Shaw also notes that very few of those working in small capacities or even illegally with cannabis were embraced into the legal workforce after legalization and the emergence of corporate players. These people were especially excluded from leadership roles in the new companies, says Shaw.

Reflections

Watching from home, the cannabis situation in Canada is miles ahead of Brazil, but Canada clearly still has its own problems. We see Canada in the news for human rights issues like the racist hate crime cases in Vancouver and the discovery Indigenous children’s unmarked graves at residential schools. The world may be starting to see that Canada isn’t the progressive utopia people used to believe it was. And drug policies are influential on breaking this illusion.

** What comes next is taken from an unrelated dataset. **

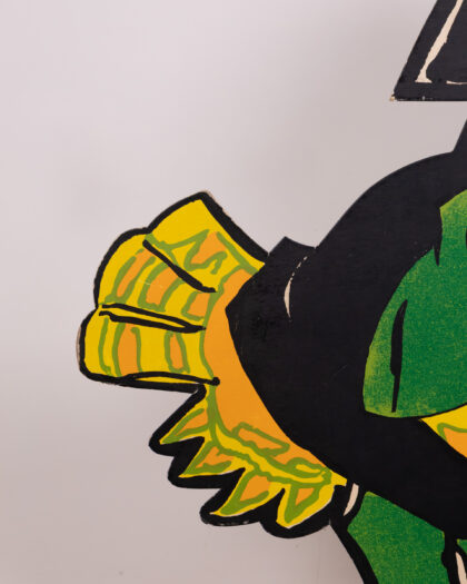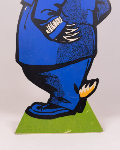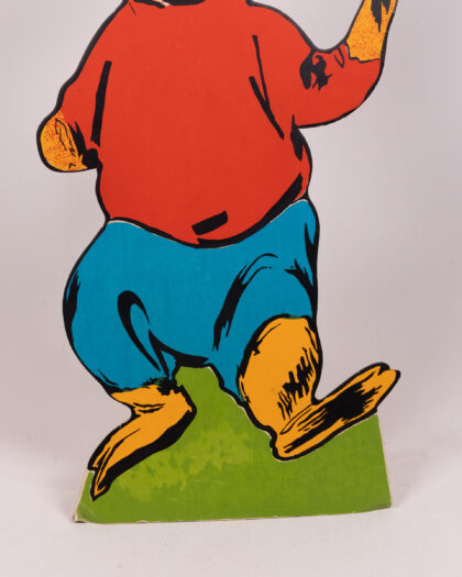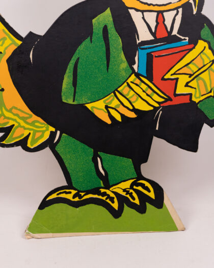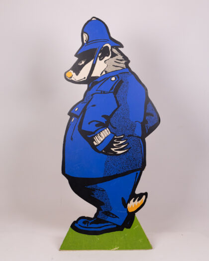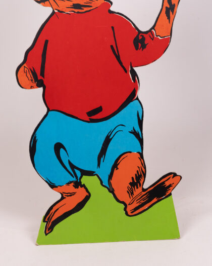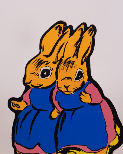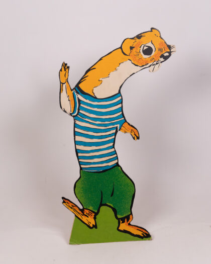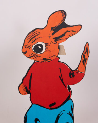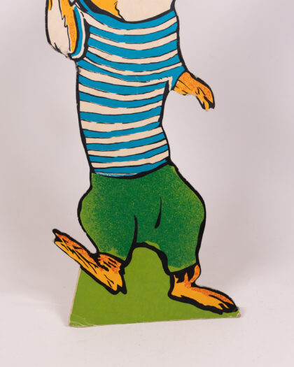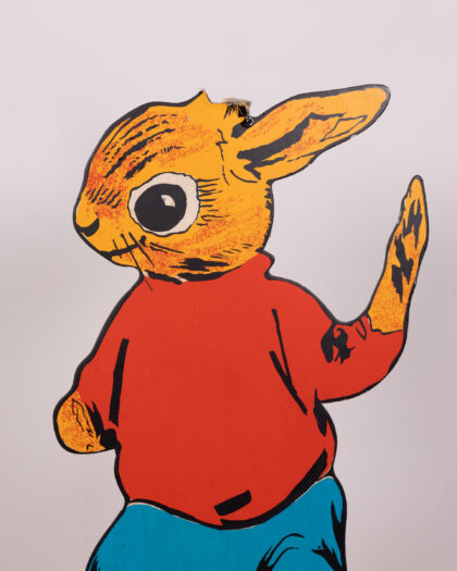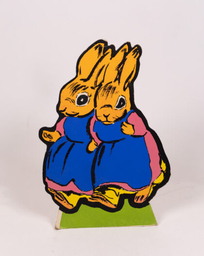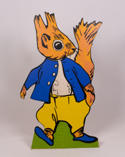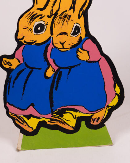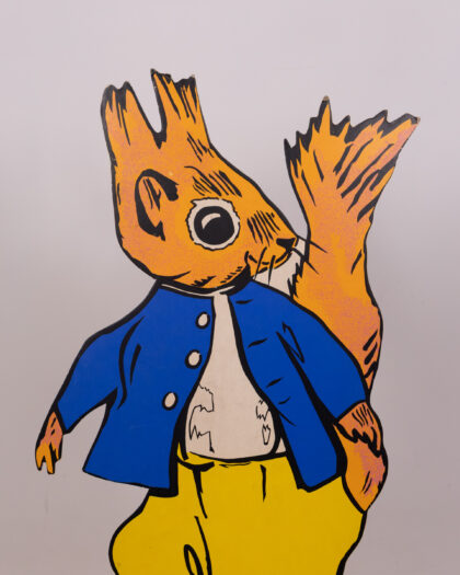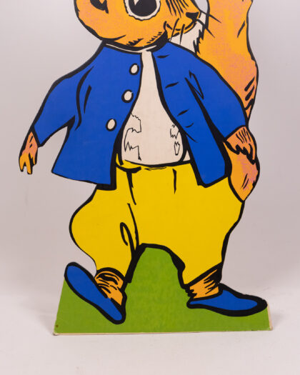 This vintage set features cardboard animal characters with vibrant designs. The characters each stand on a green base, including a badger in a policeman's uniform, a squirrel in yellow trousers, a rabbit in a red shirt and turquoise trousers, and an owl in graduation garb. This cheerful set would bring a playful touch to any room. Please note, only one peter rabbit is included.

I believe that the debate on drugs revolve around a question of personal liberties, and I quote late Brazilian journalist Paulo Francis (1930-1997) as published by the Folha de S. Paulo newspaper from August 2, 1986:

“By legalizing drugs, the forbidden fruit appeal would come to an end, even more important the mob-police liaisons which is responsible for the lethal quality of many of the falsified drugs, and the price of the merchandise would go low. Drugs are a vocation, a temperamental need. And there are many on sale, legally, from alcohol to pills, that it is ridiculous to prohibit others. Notice that there are those destroying themselves with drugs but it doesn’t matter if they are legal or illegal. There are those (folks) who use them once in a while with no major effects. And those who don’t like them (at all).”